[Records shown Boundary: Start]

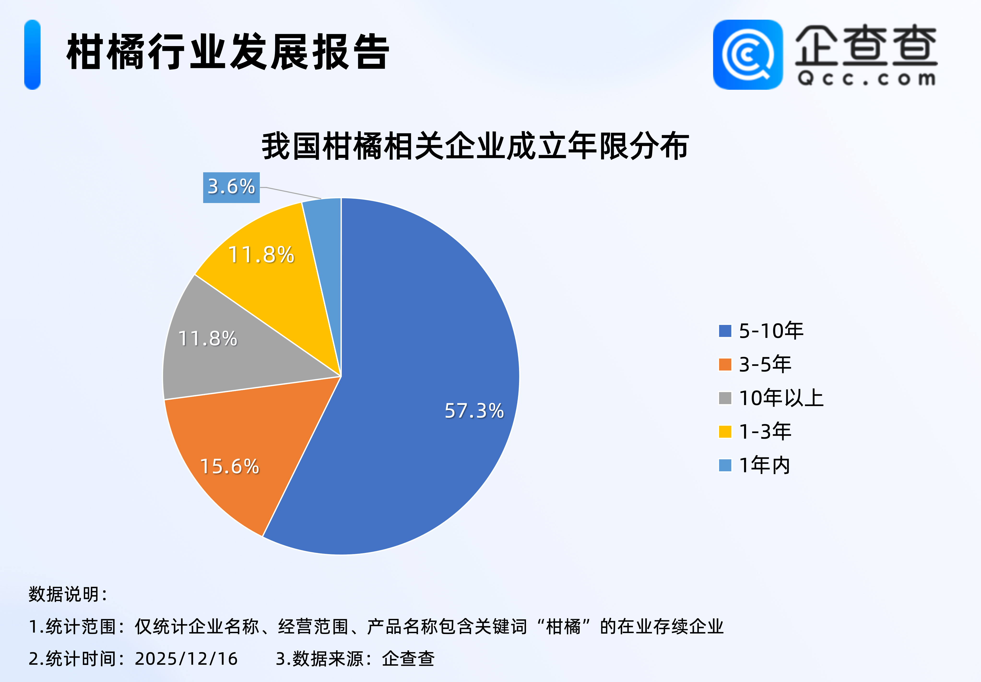 企查查數據顯示,成立年限方面,我國柑橘領域以老牌企業為主,近七成企業成立超5年,其中成立10年以上的企業占比11.8%,成立5至10年之間的企業占比57.3%。
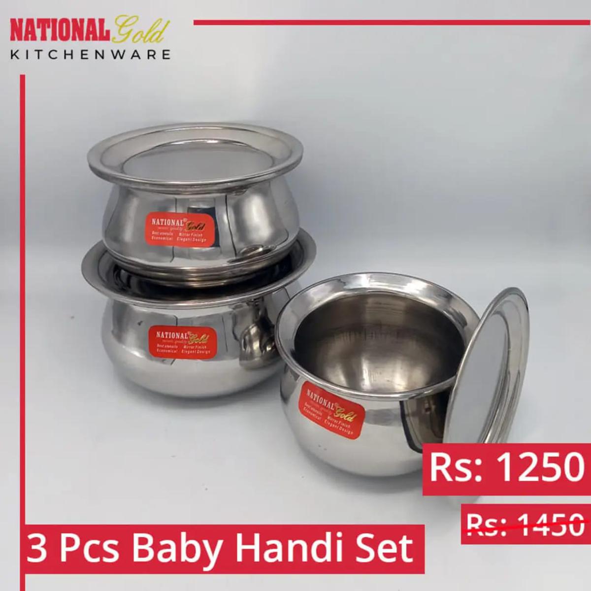 Stainless Steel 6 Pcs Baby Handi Steel Set 3 Patil And 3 Lid(Coffee,Milk & Tea)
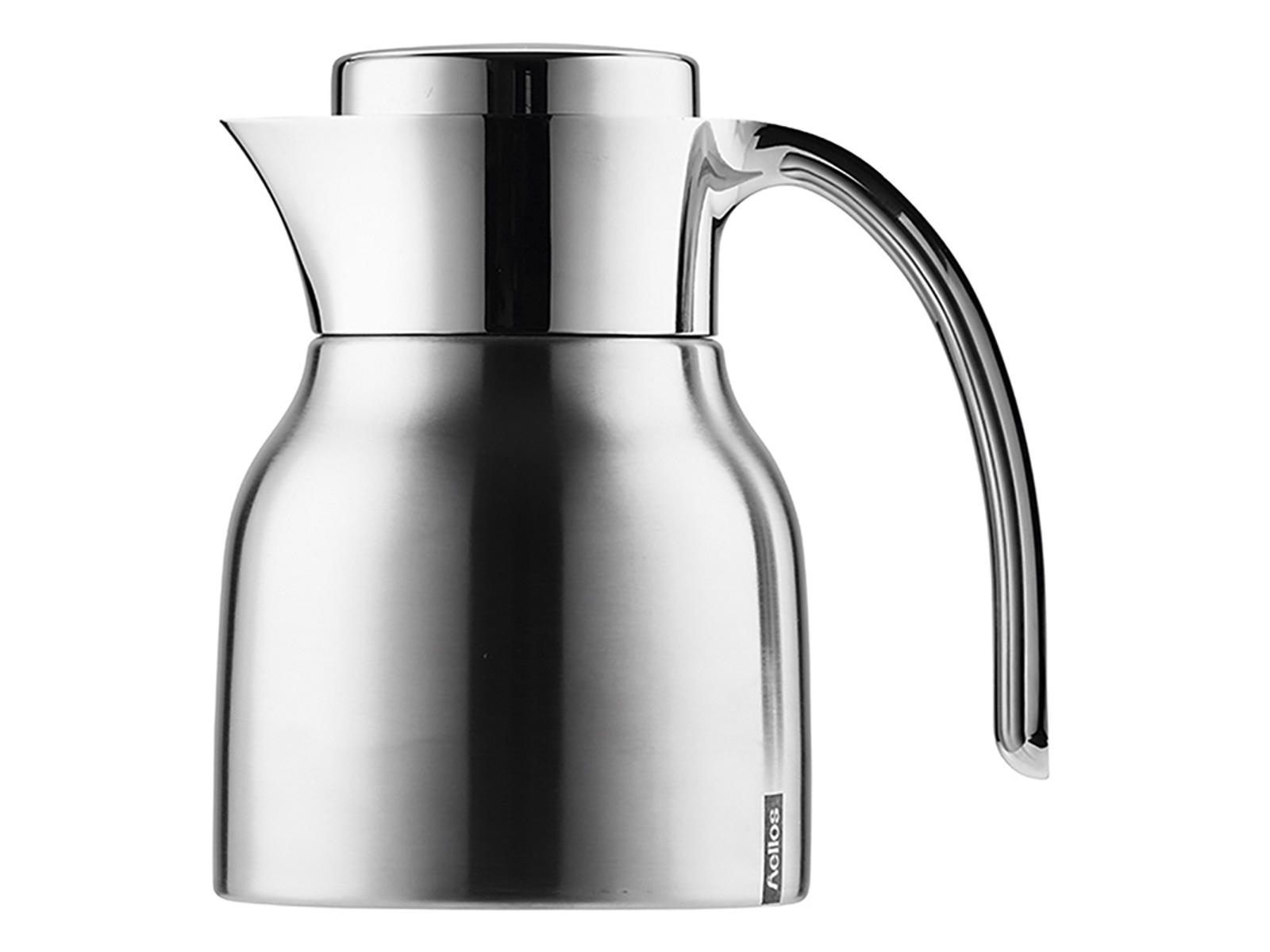 The Helios Meeting thermos in stainless steel with a silver-coated surface combines elegant design with practical functionality. With a capacity of 0.6 liters (approximately 5 cups) and a double-walled insulation insert, this thermos keeps your drinks at the right temperature for a long time. The jug is made from shatterproof stainless steel and features a tightly sealing screw lid.
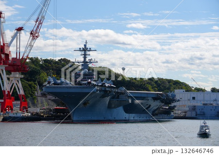 停泊在橫須賀港的隱形艦和宙斯盾艦
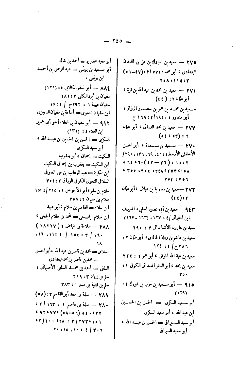 270 - سعيد بن مسعدة، أبو الحسن الأخفش الأوسط 1: 41، 69، 136، 290/ 2: 15، (36 - 43) 60، 64، 158، 273، 348، 354، 355، 356، 372
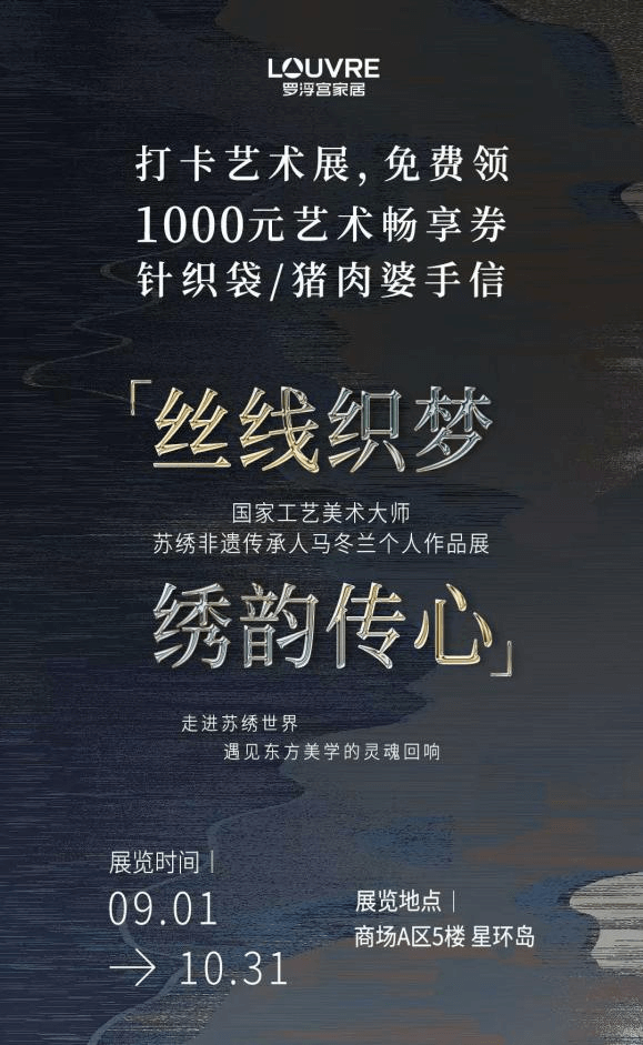 即日起,「丝线织梦 绣韵传心」苏绣艺术展在商场A区5楼星环岛璀璨登场,现场打卡,即刻解锁多重好礼~
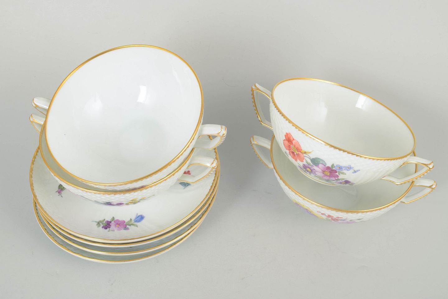 Set of four bouillon cups with matching saucers in porcelain decorated with hand-painted floral motifs in the Saxon flower pattern and finished with a gilded rim. Model 4/1872. First factory quality.
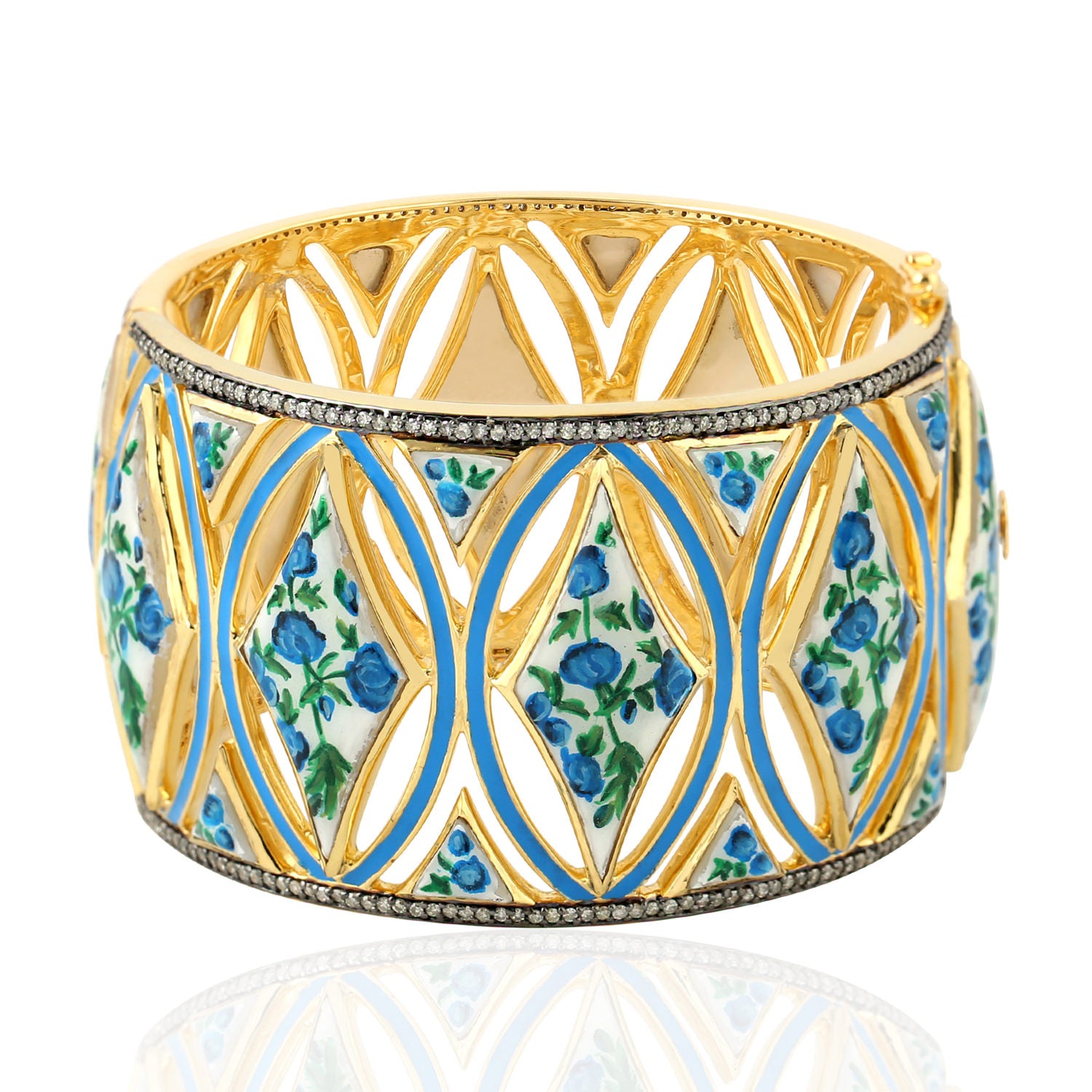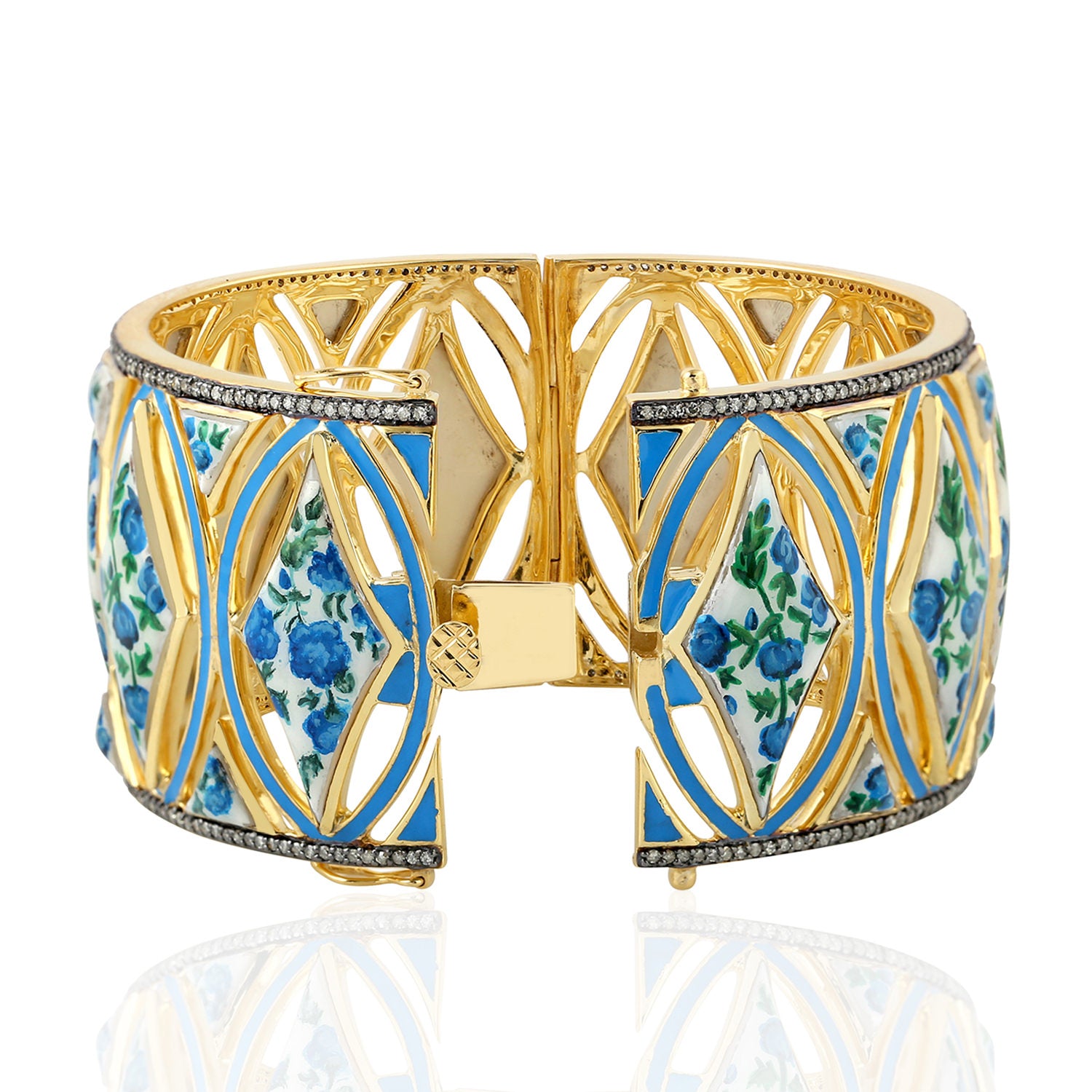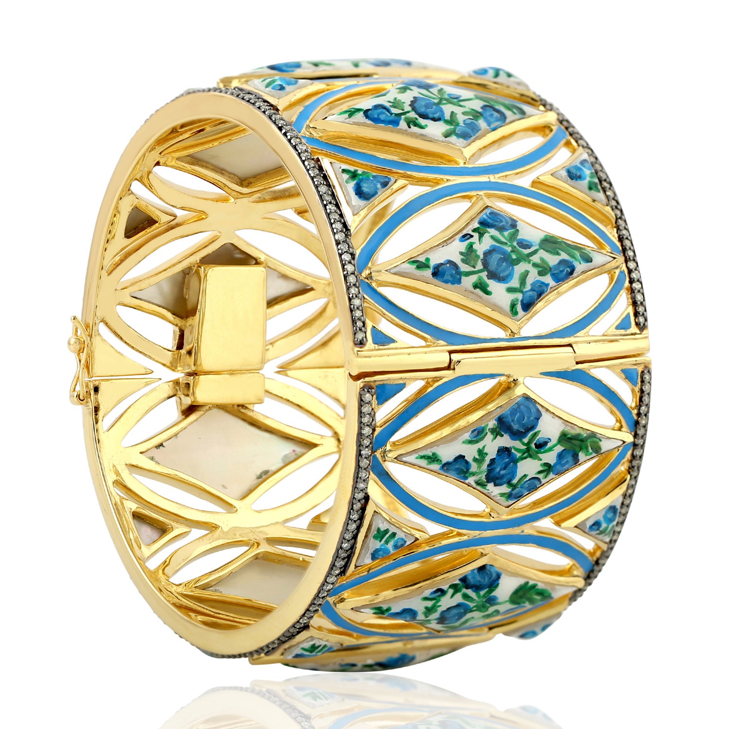 Mother of Pearl Pave Diamond Enamel Wide Bangle In Yellow Gold 925 Silver
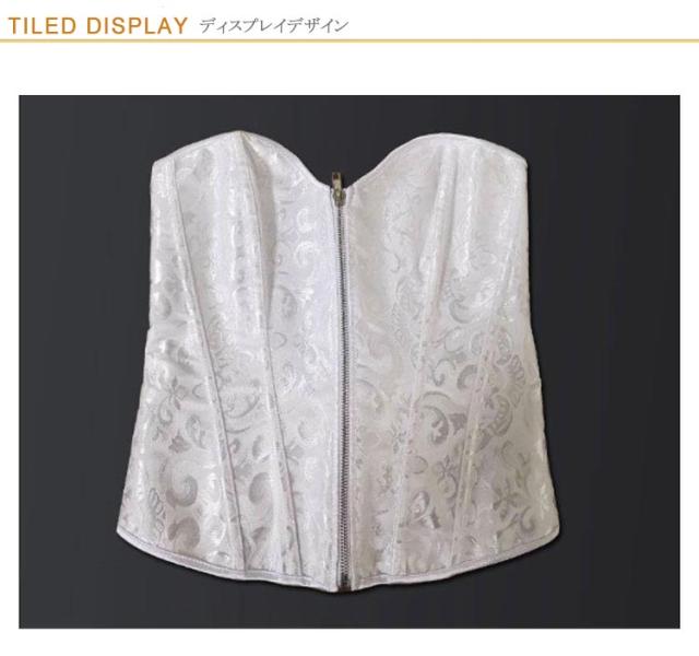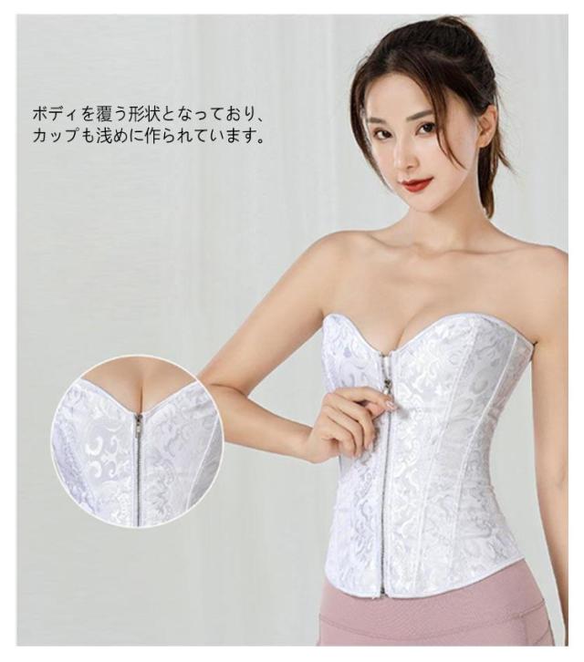 | ウエストを細く固定し、バストも大きく見せる、美しいシルエットになります! ボディを覆う形状となっており、カップも浅めに作られています。 伸縮性のある素材を使用し、体フィットし動きやすい着用感です。 ファスナー付きの前開き式なので、着脱しやすい。 背面にはストラップデザインを採用し、締め具合を調整可能です。 ブライダルインナーとしてぴったり!背中の開いたドレスでも安心です。 | |

[Records shown Boundary: End]

▸ **Aim of the task**:
Write the lines out again exactly, beginning at the one containing "停泊在橫須賀港的隱形艦和宙斯盾艦" and ending with the last line of the entries, but without any pictures.

▸ **Written response**:
 停泊在橫須賀港的隱形艦和宙斯盾艦
 270 - سعيد بن مسعدة، أبو الحسن الأخفش الأوسط 1: 41، 69، 136، 290/ 2: 15، (36 - 43) 60، 64، 158، 273، 348، 354، 355، 356، 372
 即日起,「丝线织梦 绣韵传心」苏绣艺术展在商场A区5楼星环岛璀璨登场,现场打卡,即刻解锁多重好礼~
 Set of four bouillon cups with matching saucers in porcelain decorated with hand-painted floral motifs in the Saxon flower pattern and finished with a gilded rim. Model 4/1872. First factory quality.
 Mother of Pearl Pave Diamond Enamel Wide Bangle In Yellow Gold 925 Silver
 | ウエストを細く固定し、バストも大きく見せる、美しいシルエットになります! ボディを覆う形状となっており、カップも浅めに作られています。 伸縮性のある素材を使用し、体フィットし動きやすい着用感です。 ファスナー付きの前開き式なので、着脱しやすい。 背面にはストラップデザインを採用し、締め具合を調整可能です。 ブライダルインナーとしてぴったり!背中の開いたドレスでも安心です。 | |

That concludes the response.